Dubai: A long-standing fight between the US government's tax agency and US expatriates has come to a head and may soon drag foreign banks into the fray.

Two years ago, the US passed the Foreign Account Tax Compliance Act (FATCA) that requires foreign banks and financial institutions to disclose the nationality of their account-holders or investors, allowing the Internal Revenue Service (IRS) — the US government agency responsible for tax collection and tax law enforcement — to uncover US citizens who are not registered with the IRS and avoiding tax payments.

The Act will be implemented in January 2013 and any banks or institutions that do not comply will face a 30 per cent withholding tax on US source income, including dividends and interest paid on US securities, gross proceeds from the sale of US securities and substitute dividends.

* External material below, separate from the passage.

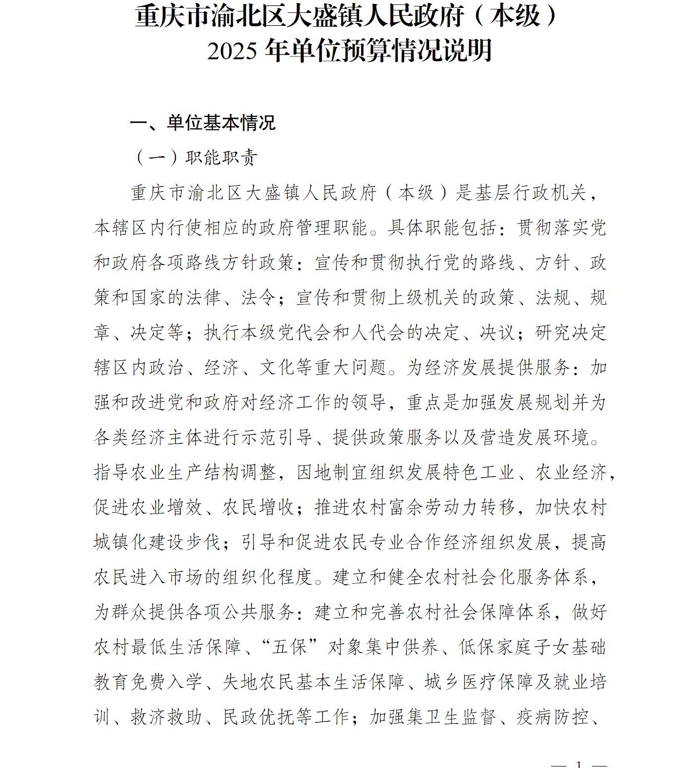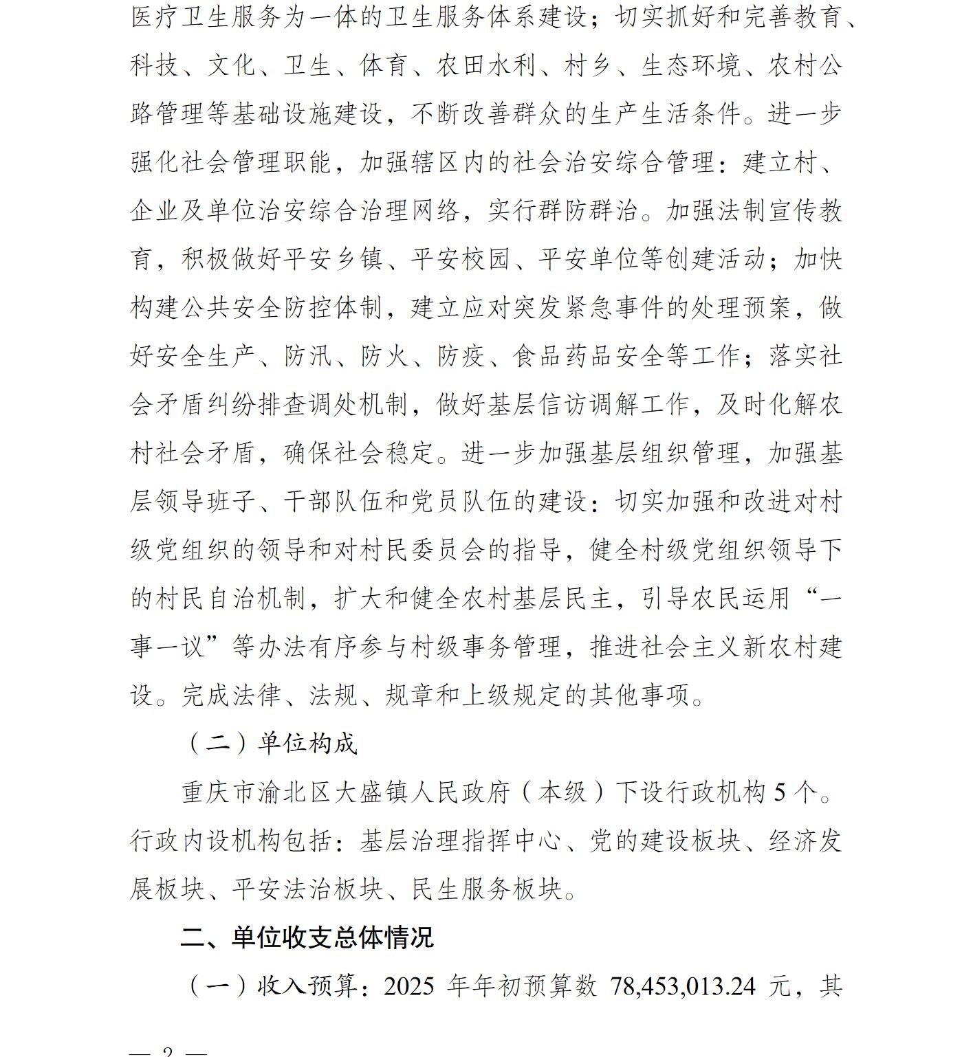 重庆市渝北区大盛镇人民政府(本级)2025年单位预算情况说明
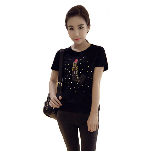 2016 New Women Print T Shirts Loose Short Sleeve T-shirt Lip Stick Beading tshirt Girl Casual Tops 70963

For UAE banks, the disclosure and reporting process means incurring a cost of millions of dirhams or bearing a 30 per cent withholding tax, according to tax experts.

"All UAE banks need to understand exactly who the tax could apply to and need to have systems and staff ready to collect all that information on behalf of all their account-holders. They are going to need to be ready," said John Belsey, who leads Deloitte's international tax practice, told Gulf News on the sidelines of Deloitte's fifth Middle East tax seminar yesterday.

This is the single biggest tax issue for UAE banks, said Nauman Ahmad, Middle East Tax Leader for Deloitte.

It will also affect pension funds, insurance companies and all institutions that invest money on behalf of the client, tax experts said.

"I think this is a very important issue. Taxation is not just about local taxation; these days a lot of GCC companies are looking outwards and making investments abroad and you need to be concerned about international taxation so you can't look at it from the narrow angle of the GCC taxation," Ahmad said. "The GCC has a lot of multinationals and local businesses that are investing abroad… they have to look out for these taxes abroad," he added.

Limited treaties

One problem is that the UAE has a limited network of double tax treaties — an agreement designed to protect against the risk of an individual or a corporate entity being taxed twice where the same income is taxable in two states — so companies have to pay both corporate and withholding taxes, Belsey said.

"One could argue that it would be easier for the UAE to negotiate tax treaties with these countries if they had a corporate tax system because they could have something for both parties to exchange," he said.

There is no clarity on the tax payments if some of the banks' shareholders are US citizens, tax experts said.

Banks and financial institutions need to start planning now for the act that will be implemented in 2013, said Ahmad.

The act was passed in 2009 but banks are only now beginning to understand its implications, said Belsey.

"It's balancing scare-mongering and equally waiting for the guidelines to come out," he said.